Tuesday, March 29, 2011

Nuclear Power – No Silver Bullet


I have been an advocate of nuclear power, but it is not the panacea we imagine it to be, even putting aside the current Japan crisis.

I demand intellectual honesty from those I argue with, but I also demand it from myself and the ideas and philosophies I adopt and espouse.  I've been reading about nuclear power, and while I am far from the No Nukes crowd, I now see it is not all it's cracked up to be.

It’s Not Cheap
Affordable nuclear power, says Taylor, is a Republican fantasy. Promoting it makes no more sense than Nancy Pelosi's promotion of wind and solar power. "Take a Republican speech about nuclear power, cross out the phrase 'nuclear,' and put in 'solar' — you've got a Democratic speech about energy." (Stossel)
Environmental Impacts?
Water usage is another issue. Nuclear power advocates speak in eye-droppers, while opponents invoke billions and billions of gallons, so I don’t know what the facts are. I have heard credible sources say that nuclear power requires a lot of water. We had a plant in Northern Colorado, Fort St. Vrain, that was build specifically to save water, and it ended up a failure and was converted to a conventional natural gas plant.

Construction costs aside, here is what each form of energy is projected to cost in 2016:

Reason:  Veronique de Rugy

Nuclear beat Bio, Fossils beat Nuclear

This doesn't take nuclear power off the table, it just puts it in perspective.  It is a cheaper, more reliable alternative to wind and solar.  Still, natural gas beats it hands down, and the US has been described as the Saudi Arabia of natural gas, notwithstanding extraction problems.
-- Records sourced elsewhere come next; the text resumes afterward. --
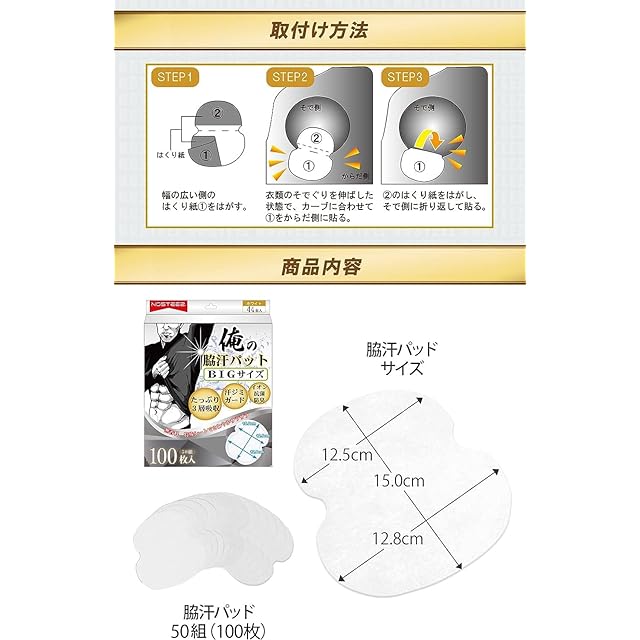 商品名:NOSTEEZ 俺の脇汗パッド BIGサイズ わきあせパット あせわきパッド メンズ100枚 (白)
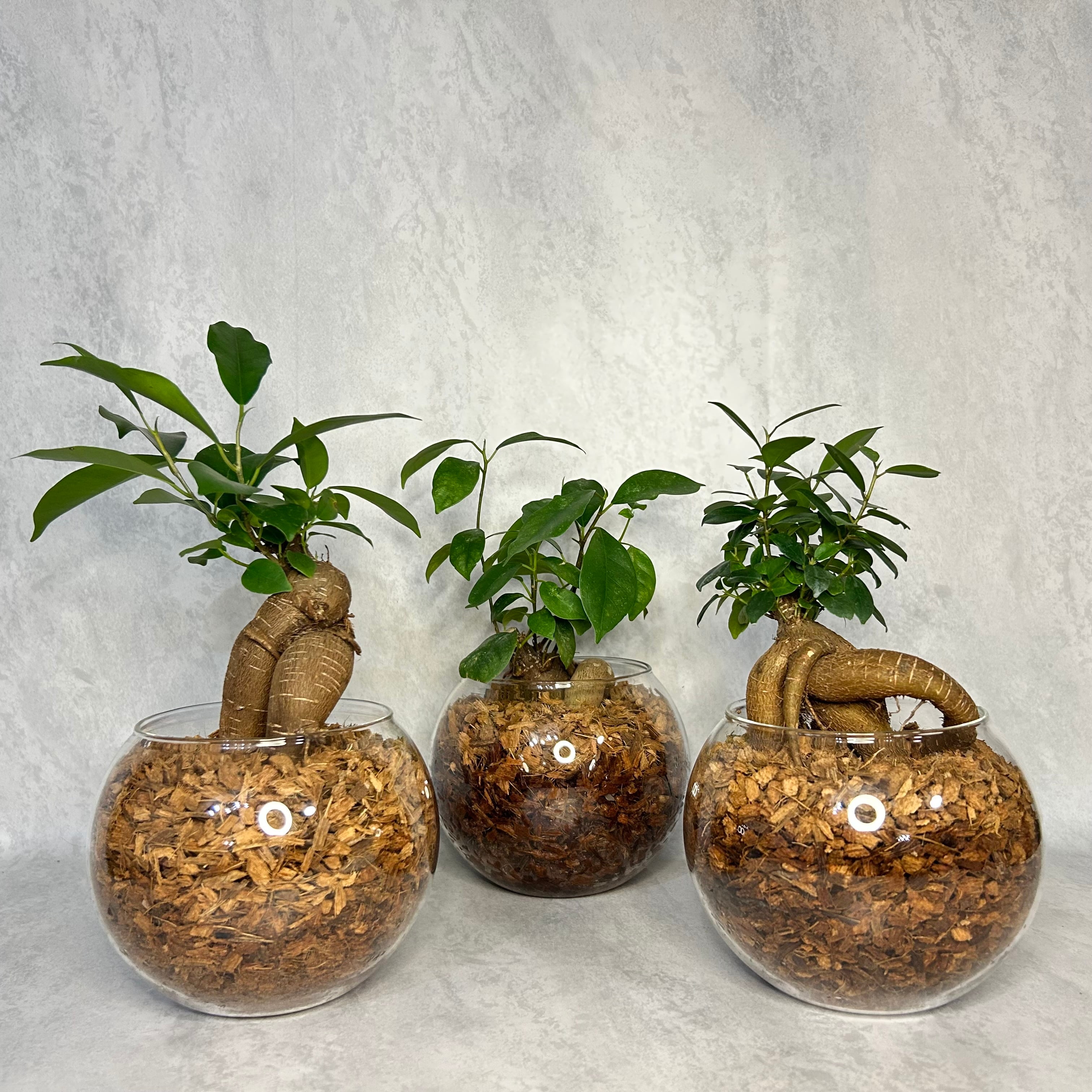 ガラス鉢に土の代わりにベラボン(ヤシの木チップ)で植えているので外から見て水やりのタイミングがわかりやすく管理が楽チン♫
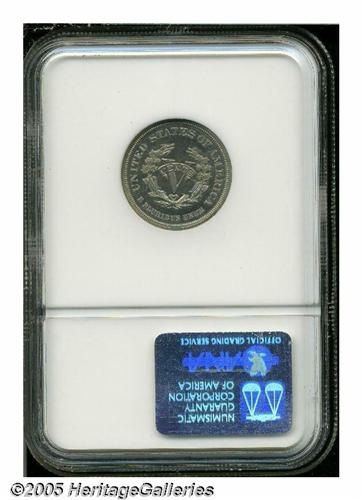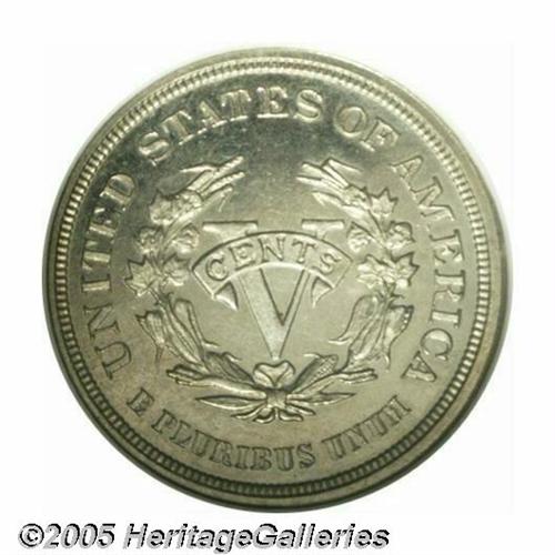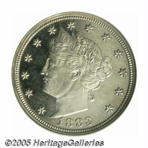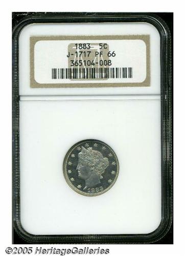 <B>1883<5C> Liberty Head Five Cents, Judd-1717, Pollock-1922, High R.6, PR66 NGC.</B></I> The obverse is identical to regular issue Liberty Nickels, and the reverse is similar to the adopted design, but the Roman numeral V is slightly smaller with a scroll across it inscribed CENTS. This was an added feature that was left off the adopted design, but changed later in the year to deter unscrupulous people that reeded the edges, gold plated the coins (without CENTS), and passed them off as Half Eagles. Struck in nickel with a plain edge. This well mirrored specimen is endowed with an exacting strike and is layered in milky patina that is heavier on the reverse.<BR><I>From The Western Hills Collection.</B></I>

Nuclear only really makes sense from an environmental standpoint as a replacement for coal-fired plants, which are being replaced anyway by natural gas.  Only around 1% of our energy is produced by petroleum, so nuclear does little to break our addiction to dictator-provided oil.

So nuclear stands between cheap efficient fossil fuels and green pipe dreams.

The Economic Solution? Keep using coal and natural gas to power the nation.  Drill for oil for our cars.  As the supply diminishes, the price will go up and other forms of energy become economically viable. Not because government apparatchiks manipulated price schedules, but because of the law of supply and demand. 

Once people start using these new technologies, the market, as it always does, will become a contest to see who can provide energy to the consumer for the cheapest price.

Such a strategy will not put us at a global economic disadvantage since other nations will be facing the same fossil fuel shortages and forced to go through the same conversions to alternatives.

The Environmental Solution says clean coal, nuclear, wind and solar.  Costs be damned.  As the technology advances, prices will go down, as is always the case in a free market.  But here's the wrinkle:  Prices cuts will only occur if government can refrain from worming its tentacles into every aspect of the green energy industry while simultaneously fending off the crony crapitalist rent-seekers.  Fat chance of that happening.

Wind, Solar and Nuclear can cut petroleum use only by the US embracing electric and natural gas powered vehicles.  And this saves us nothing, because these replacement energies are not free.

It's true, there really is no free lunch.  As Dr Thomas Sowell is fond of saying, there are not magic bullets, only trade-offs.